🦅 EagleX v2 : Soaring past LLaMA2 7B in both English and Multi-lang evals (RWKV-v5)

You have seen the teaser with the EagleX 1.7T, now its here - the definitive version of linear transformer trained past, LLaMA 2 7B.

Apr 18, 2024

EagleX v2 - in short

We extended the training of the previous Eagle 7B from 1.1 Trillion tokens to 2.25 Trillion tokens.

A continuation based on the original Eagle 7B model,
and the EagleX 1.7T model
Ranks as the world’s greenest 7B model (per token)
Trained on 2.25 Trillion tokens across 100+ languages
Outperforms all 7B class models in multi-lingual benchmarks
Passes LLaMA2 (2T) in multiple English evals, approaches Mistral (>2T?)
All while being an “Attention-Free Transformer”

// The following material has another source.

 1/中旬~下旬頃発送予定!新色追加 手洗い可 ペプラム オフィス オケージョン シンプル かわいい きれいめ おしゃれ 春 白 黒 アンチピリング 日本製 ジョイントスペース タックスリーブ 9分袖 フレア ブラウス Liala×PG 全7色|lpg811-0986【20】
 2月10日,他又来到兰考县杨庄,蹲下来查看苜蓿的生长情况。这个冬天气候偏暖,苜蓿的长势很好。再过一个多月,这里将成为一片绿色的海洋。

We are releasing RWKV-v5 Eagle v2, licensed under Apache 2.0, which can be used personally or commercially without restrictions.

Download from HuggingFace
Try it online today on: recursal.ai cloud platform
Try on: our HF gradio demo
Use our reference pip inference package, or any other community inference options (Desktop App, RWKV.cpp, etc), and use it anywhere (even locally)
Fine-tune using our Infctx trainer
[Pending PR] Get support merged into Huggingface transformers!
All eval data can be found in the google sheet here

Building on bold claims

The original EagleX 7B 1.7T, trained by Recursal AI, made history as the first sub-quadratic model, to pass llama2 7B 2T on average in English eval.

Today we are releasing the 2.25T trained variant, which furthers the gap with the llama2 model.

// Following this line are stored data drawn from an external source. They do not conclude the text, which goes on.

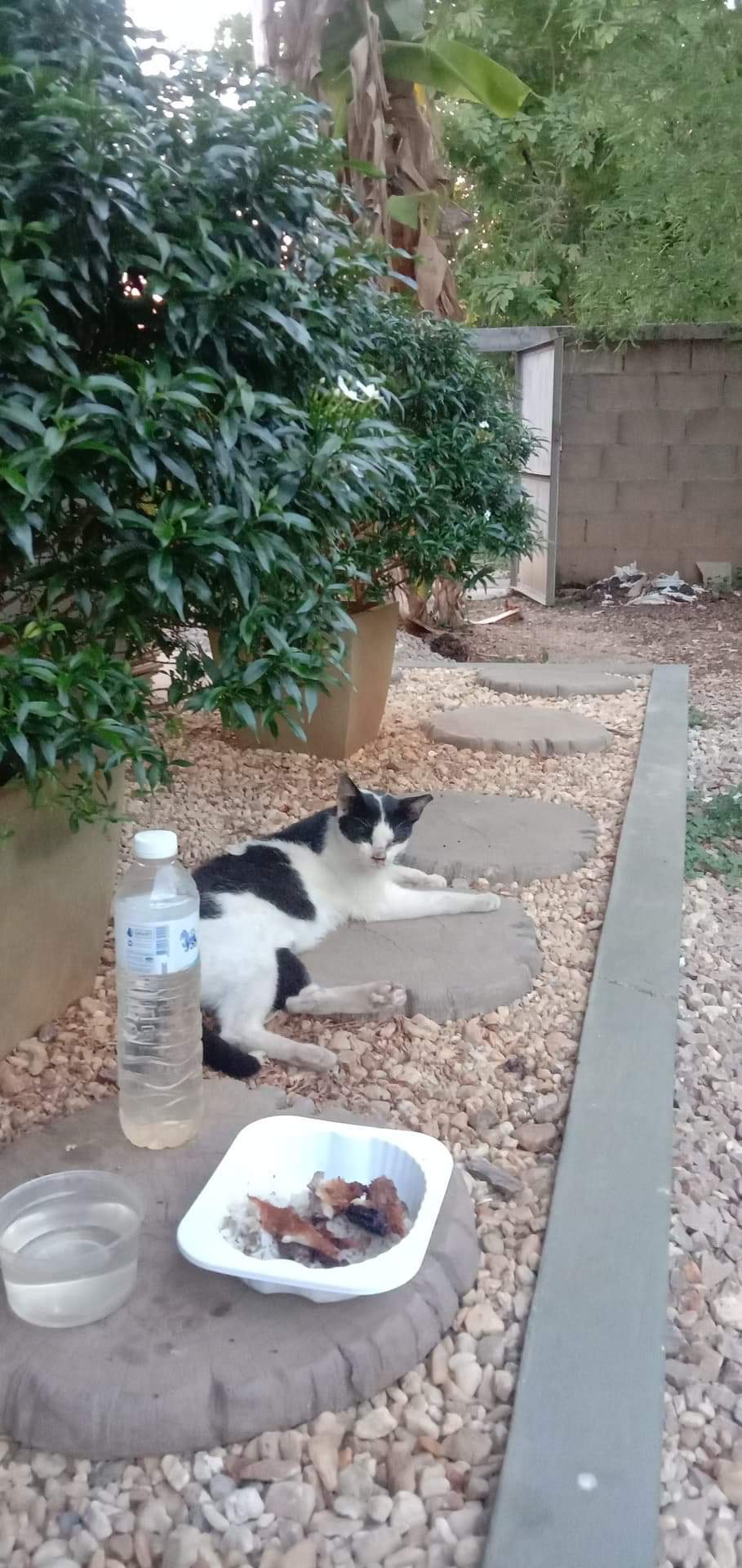 -ตัวแรกเป็นสีขาว-ดำค่ะหนูตั้งชื่อว่า วัวนม หนูเจอน้องช่วงที่มาอยู่หอตั้งแรกๆเลยค่ะ น้องชอบเดินมาหน้าห้องมากินน้ำทุกวันเลยค่ะหนูก็เปลี่ยนน้ำให้น้องกินทุกๆวัน บางวันกินอาหารที่วางไว้ให้แต่ส่วนมากน้องกินแต่น้ำค่ะ แล้วน้องก็จะฉี่ให้ดูค่ะ ตอนนี้หนูจีบน้องมาประมาณ 3-4 อาทิตย์แล้วค่ะน้องยอมให้อยู่ใกล้แต่น้องก็ยังแบบกลัวๆหน่อยค่ะแบบพร้อมวิ่งเมื่อเราุกคาม น้องไม่ยอมให้จับเลย น้องชอบร้อฃเมียวๆเบาๆค่ะร้องตลอดตอนเราตอบเมียวกลับน้องก็ตอบกลับค่ะแต่เสียงเบามากๆ หนูสงสัยว่าน้องเป็นขี้เรื้อนรึป่าวคือน้องชอบเอาตัวถูกับสิ่งที่ผิวขุระและก็ชอบเกาด้วย (ขออภัยในความรูปไม่ชัดคือว่าต้องรีบถ่ายไม่งั้นน้องจะวิ่งค่ะ)
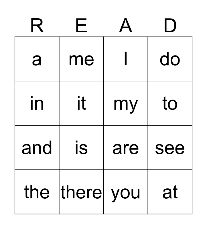 This bingo card has a free space and 15 words: the, at, I, a, to, in, is, you, it, and, see, do, my, me and there.
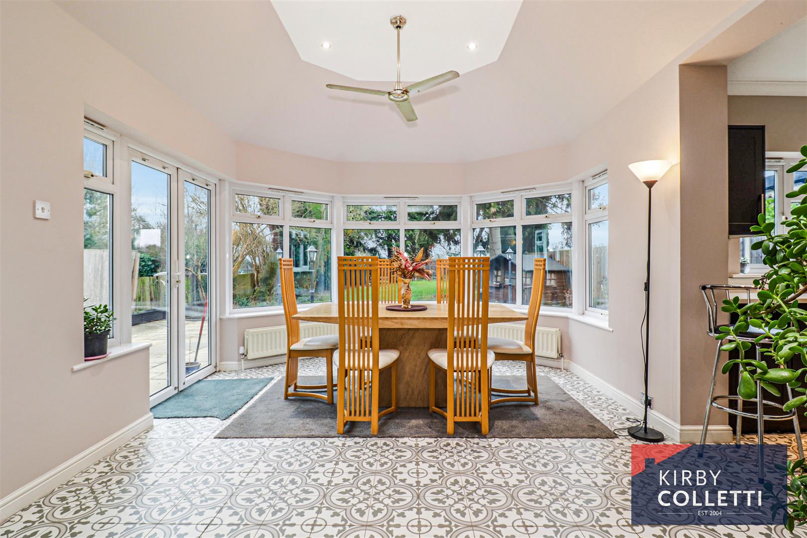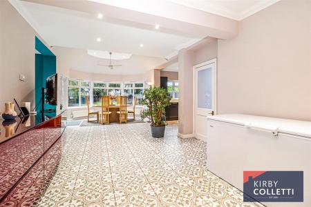 Family Room - 8.92m x 3.43m (29'3 x 11'3) - Three sided uPVC double glazed bay window and separate windows to either side. uPVC double glazed door to rear garden. Recessed ceiling spotlights. Coved ceiling. Sky light. Radiators. Tiled flooring. Access to
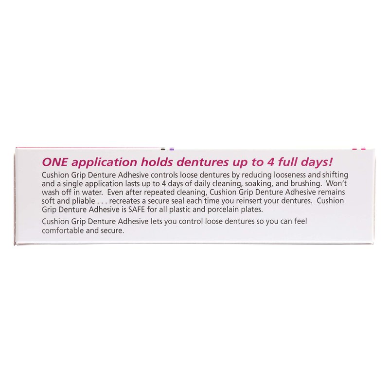 Cushion Grip is great to secure upper and lower dentures, and partials, as it offers a perfect fit and fills in any gaps between your gums and teeth. Retaining the soft reline quality for a longer duration than any other denture adhesive, You'll Definitely Save Money in the Long Run!
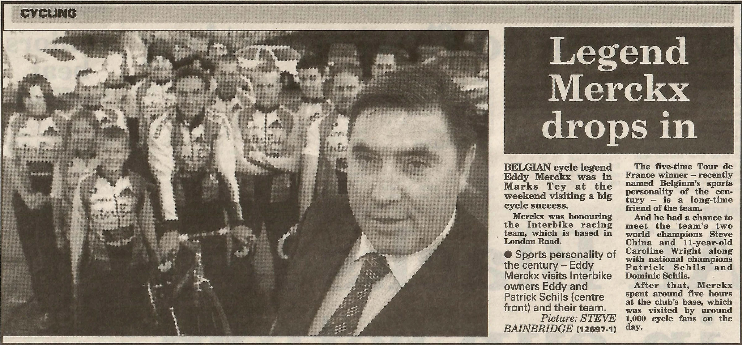 Newspaper photograph and report regarding the visit of cyclist Eddy Merckx to Interbike.
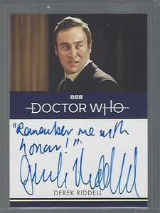 - Derek Riddell Autograph - Signed 3.5x2.5 Doctor Who Trading Card - AFTALOpens in a new window or tabPre-OwnedEUR 11.45Customs services and international tracking providedjh-middlesex (9,558) 99.9%+EUR 13.65 shipping estimatefrom United KingdomSponsored
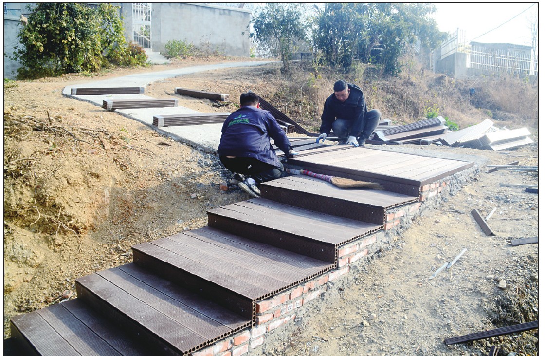 安徽美森鑫源新材料科技有限公司近年来积极投身公益事业与和美乡村建设,为巢湖市苏湾镇半份村免费修建东坡亭,登山旅游步道等,推进乡村振兴,受到广大村民称赞。图为安徽美森鑫源新材料科技有限公司工人正在巢湖市苏湾镇半份村免费安装环保新材料步道。
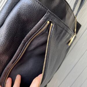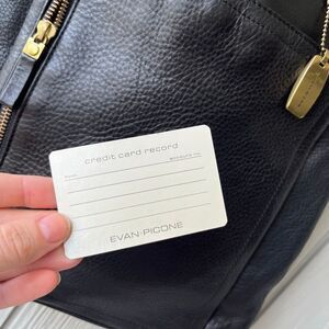 Vintage Evan-Picone black leather tote bag in excellent pre-owned condition. Crafted from full-grain leather with a fabric lining, this structured bag combines classic style with practical design. Features multiple compartments and the original solid brass Evan-Picone hang tag.
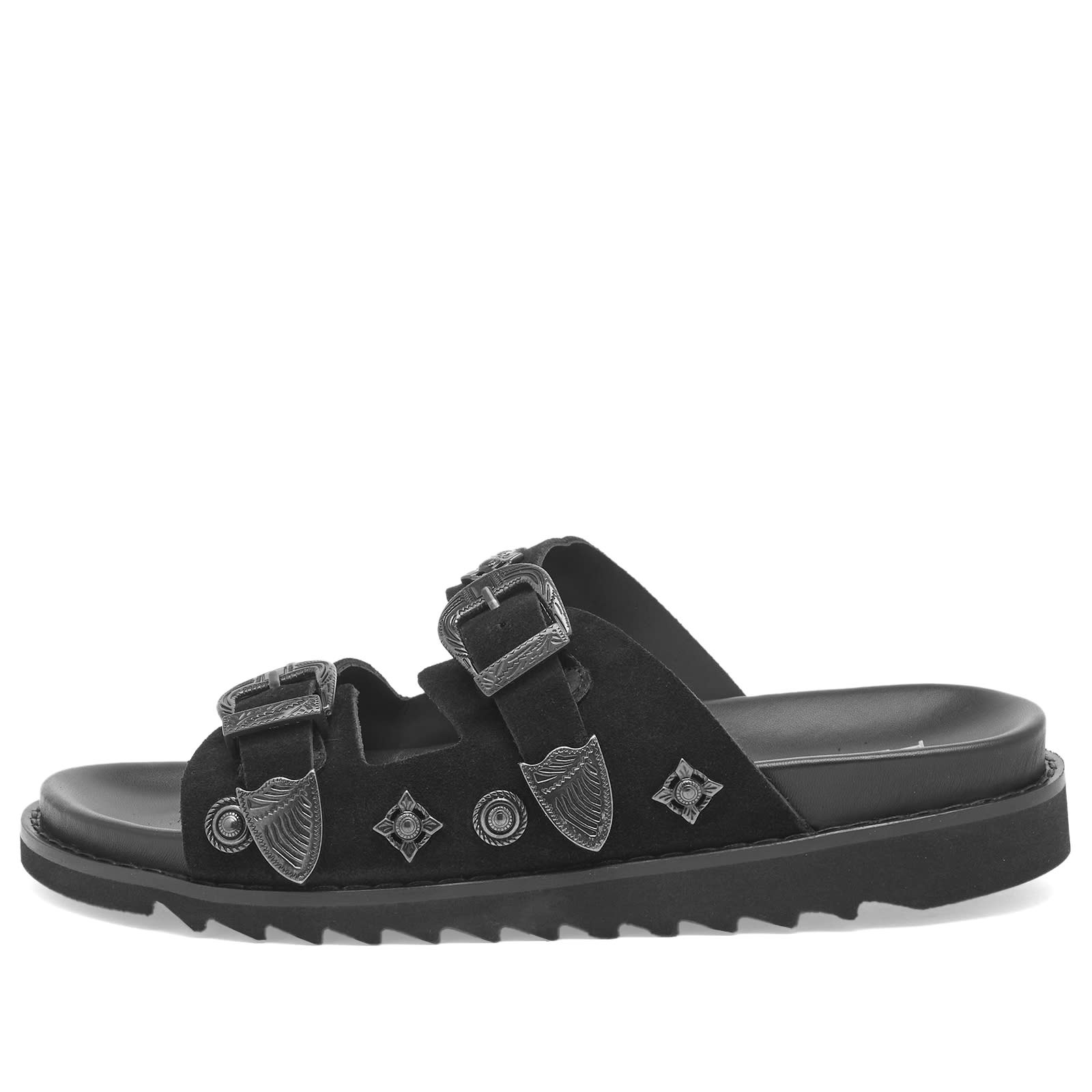 Step up your style with these Toga Pulla studded sliders. Exceptionally crafted from soft suede uppers and accented with the brand’s signature western-inspired hardware on the double strap design – it’s a shoe that will make sure you standout and make a statement. - Suede Upper - Metal Hardware - Buckle Straps

The following report follows the same general format of the 1.7T model release, in eval details - to make direct comparision easier.

Winning English Perplexity

We start with the basics: Perplexity. Which is the loss value against the test dataset (lower score = better), i.e. how good the model is with the next token prediction.

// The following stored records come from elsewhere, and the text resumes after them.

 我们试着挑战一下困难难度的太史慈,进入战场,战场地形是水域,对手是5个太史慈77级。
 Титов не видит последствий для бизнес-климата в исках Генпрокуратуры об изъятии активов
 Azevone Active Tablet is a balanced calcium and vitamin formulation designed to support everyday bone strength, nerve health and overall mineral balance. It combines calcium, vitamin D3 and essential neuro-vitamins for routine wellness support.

In a major first, the EagleX model - now passes mistral in perplexity. And takes the lead in the 7B model weight class.

Why do experts care about perplexity?
Eval in general can be very subjective, and opinion-driven, and commonly give mixed results. Perplexity in a way gives the TLDR summary for most experts to start with

Leading Multi-lang Perplexity & evals

EagleX maintains the lead for best-in-class multi-lingual performance, with the incremental improvements we’re making to the Eagle line of models.

Most of the tasks here are common sense reasoning tests of a wide variety of formats, across languages including 23 of the world’s most widely used languages.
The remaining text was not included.